Для оценки контрольных и опытных результатов данные показатели обозначают соответственно: А1 и А2, Б1 и Б2, В1 и В2, Т1 и Т2.

Определяют лейкоцитарные индексы митогениндуцированной адгезивности в процентах: индекс митогениндуцированной адгезивности А (ИМАА): (А2-А1)/А1×100; индекс митогениндуцированной адгезивности Б (ИМАБ): (Б2-Б1)/Б1×100; индекс митогениндуцированной адгезивности В (ИМАВ): (В2-В1)/В1×100, тотальный (общий) индекс митогениндуцированной адгезивности (ТИМА): (Т2-Т1)/Т1×100.

При изучении предлагаемым способом лейкоцитов у практически здоровых лиц (доноры, n=14) нами определены среднестатистические величины данных показателей (см. таблицу).

Пример 1

Забираем для обследования кровь у больного с наличием воспалительного процесса и лихорадки (воспаление легких). Выделяем лейкоциты с использованием раствора желатина, оцениваем их жизнеспособность в тесте с трипановым синим. Количество жизнеспособных клеток составляет 96%. В количестве 3×106 клетки инкубируем на покровном стекле в среде 199 в течение 2 часов без добавления ФГА (контроль) и с добавлением 2,5 мкг/мл ФГА (опыт). Препарат фиксируем глутаровым альдегидом, этиловым спиртом, промываем в двух сменах дистиллированной воды и окрашиваем азур-эозином по Романовскому-Гимза.
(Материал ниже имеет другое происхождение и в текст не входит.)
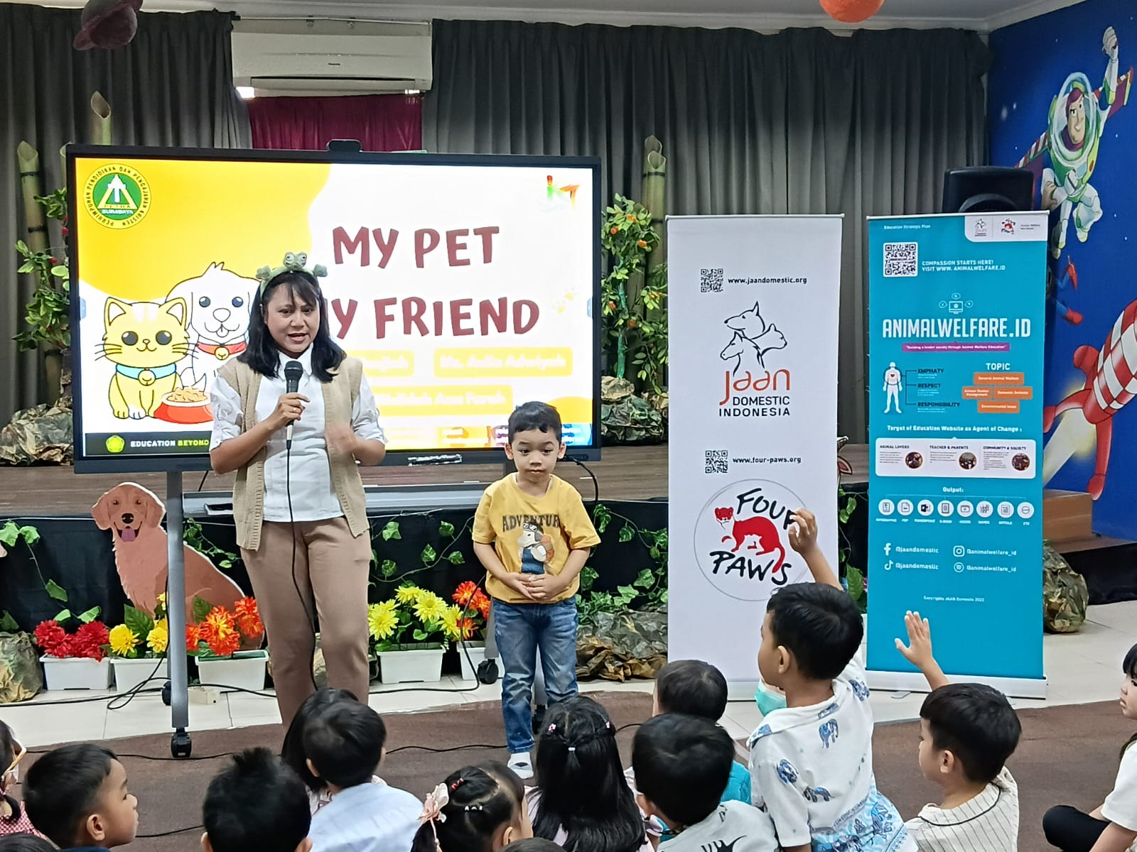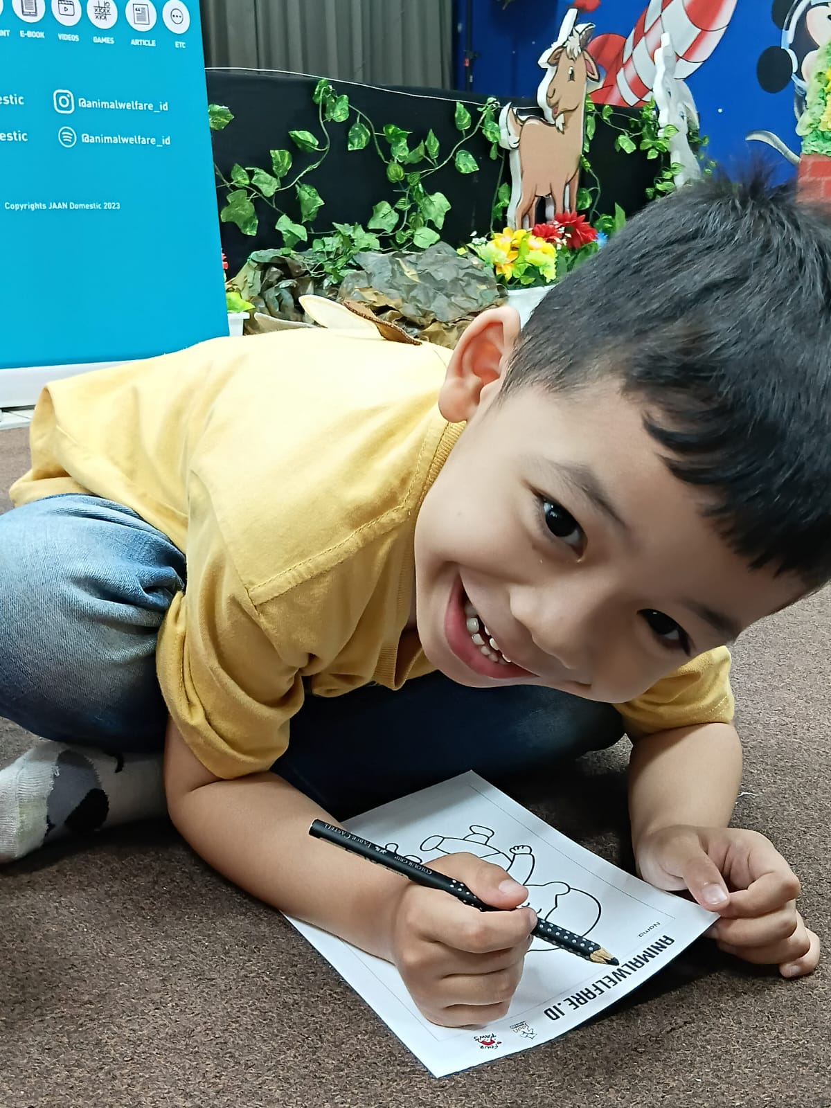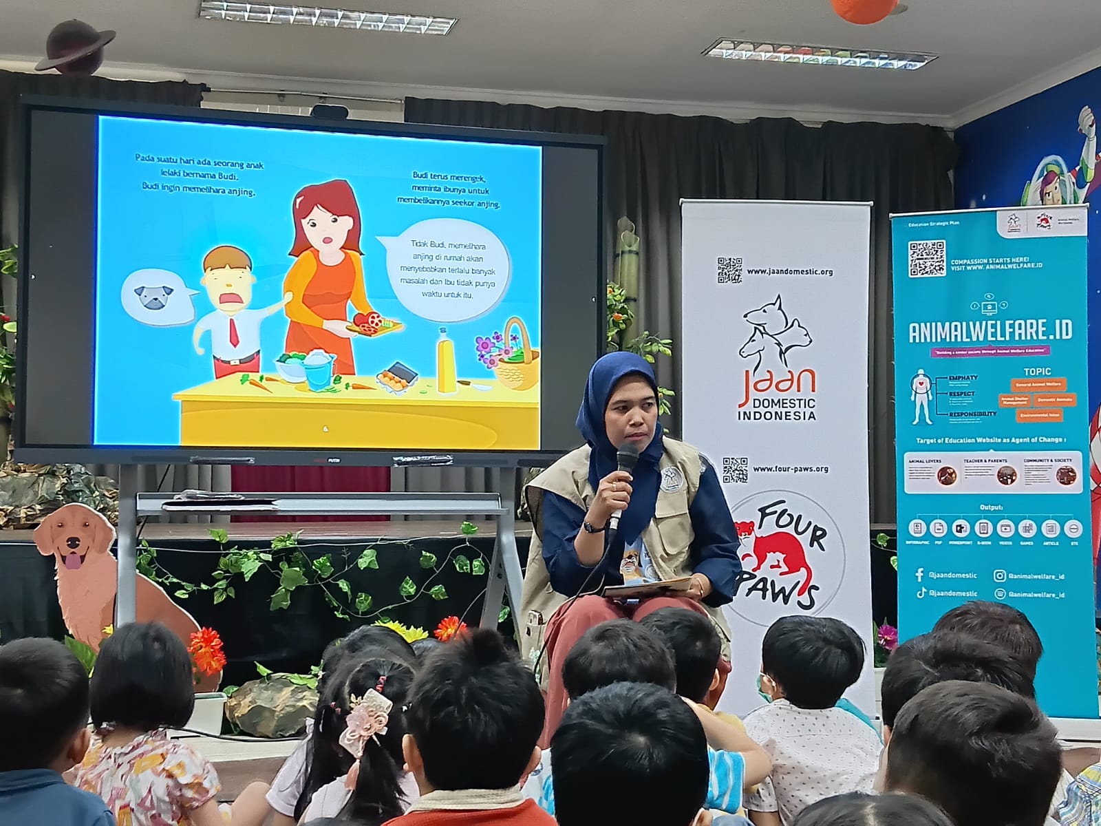 Pada kegiatan ini kami juga kedatangan tamu istimewa dari Animalwelfare.id. Animalwelfare.id adalah sebuah organisasi yang bertugas memberikan edukasi dan sumber daya kesejahteraan hewan di Indonesia yang mendukung penyebaran kesadaran dan pembelajaran tentang hak-hak serta perlakuan baik terhadap hewan. Kami bertemu kakak-kakak dan dokter hewan dari Animalwelfare.id – Yayasan JAAN Indonesia. Ada drh. Mike, Ms. Aulia, dan Ms. Walidah. Mereka baik sekali dan bercerita tentang hewan dengan cara yang menyenangkan.

Под световым микроскопом подсчитываем 200 клеток с пометкой, регистрируем как свободнолежащие, так и агрегированные клетки, образующие клеточные агрегационные агломераты различных типов: в контроле (исходная адгезивность - без ФГА):

А1 = 68, Б1 = 43, В1 = 15, Т1 = 126;

в опыте (с ФГА):

А2 = 81, Б2 = 50, В2 = 17, Т2 = 148.

Рассчитываем лейкоцитарные индексы митогениндуцированной адгезивности: ИМАА = 19,1%, ИМАБ = 16,2%, ИМАВ = 13,3%, ТИМА = 17,4%. Делаем вывод о снижении митогениндуцированной адгезивности лейкоцитов на фоне повышенной исходной адгезивности.

Пример 2

Забираем для обследования кровь у больного с герпетической инфекцией. При исследовании предлагаемым способом определяем: в контроле (исходная адгезивность - без ФГА)

А1 = 61, Б1 = 38, В1 = 12, Т1 = 111;

в опыте (с ФГА):

А2 = 72, Б2 = 44, В2 = 13, Т2 = 129.

Рассчитываем лейкоцитарные индексы митогениндуцированной адгезивности: ИМАА = 18%, ИМАБ = 15,7%, ИМАВ = 8,3, ТИМА = 16,2%. Делаем вывод о снижении митогениндуцированной адгезивности лейкоцитов на фоне уменьшения исходной адгезивности.

Таким образом, предлагаемый способ позволяет определять не только изменения митогениндуцированной адгезивности лейкоцитов при различных патологических состояниях, но и характеризовать ее специфику относительно изменений исходной адгезивности лейкоцитов в клеточных агрегационных агломератах различных типов (А,Б,В), а также характеризовать изменения самой исходной адгезивности в клеточных агрегационных агломератах различных типов.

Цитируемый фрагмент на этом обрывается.